Il cinema italiano diventa sempre più territoriale. Dopo la disseminazione geografica degli anni Novanta - con l'esplosione del cinema napoletano, pugliese, sardo, lombardo - e la costruzione di un cinema d'autore internazionale nel primo decennio dei Duemila e oltre (con Garrone, Guadagnino e Sorrentino, tra gli altri), ecco che il cosiddetto cinema del reale sembra volersi dedicare ai piccoli spazi antropologici, in questo secondo decennio.

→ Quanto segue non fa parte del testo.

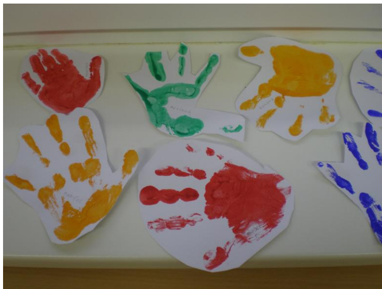
obr. 18. Otisk dlaní
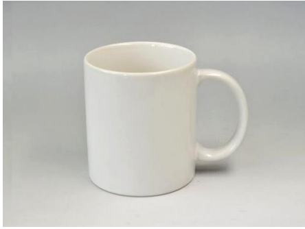
YA-001 φ 8.0 × H 9.1 300cc

L'intrusa di Leonardo Di Costanzo conferma il valore di alcuni - non tutti - dei cineasti che operano in questa definizione di comodo, che tuttavia ospita al suo interno operazioni estetiche molto differenti.
Roy Menarini

Basta vedere come Jonas Carpignano, in A Ciambra (designato italiano per la corsa alle candidature Oscar) - pur utilizzando persone reali al posto degli attori e luoghi autentici - opti per una scrittura fortissima, quasi scorsesiana, nel costruire il suo romanzo di formazione criminale. Nel caso di Di Costanzo, esclusa la filmografia documentaria, ritroviamo l'attenzione allo spazio della rappresentazione e alla funzione dei luoghi già presente nel precedente L'intervallo. Visto che L'intrusa si svolge principalmente nel cortile che divide i locali scolastici e ricreativi assegnati a un gruppo di volontari, e la casupola di cui prende possesso la moglie di un malvivente approfittando dell'accoglienza dei cooperatori, si è parlato giustamente di un film in unità di luogo, concentrico, capace di narrare una situazione di assedio permanente.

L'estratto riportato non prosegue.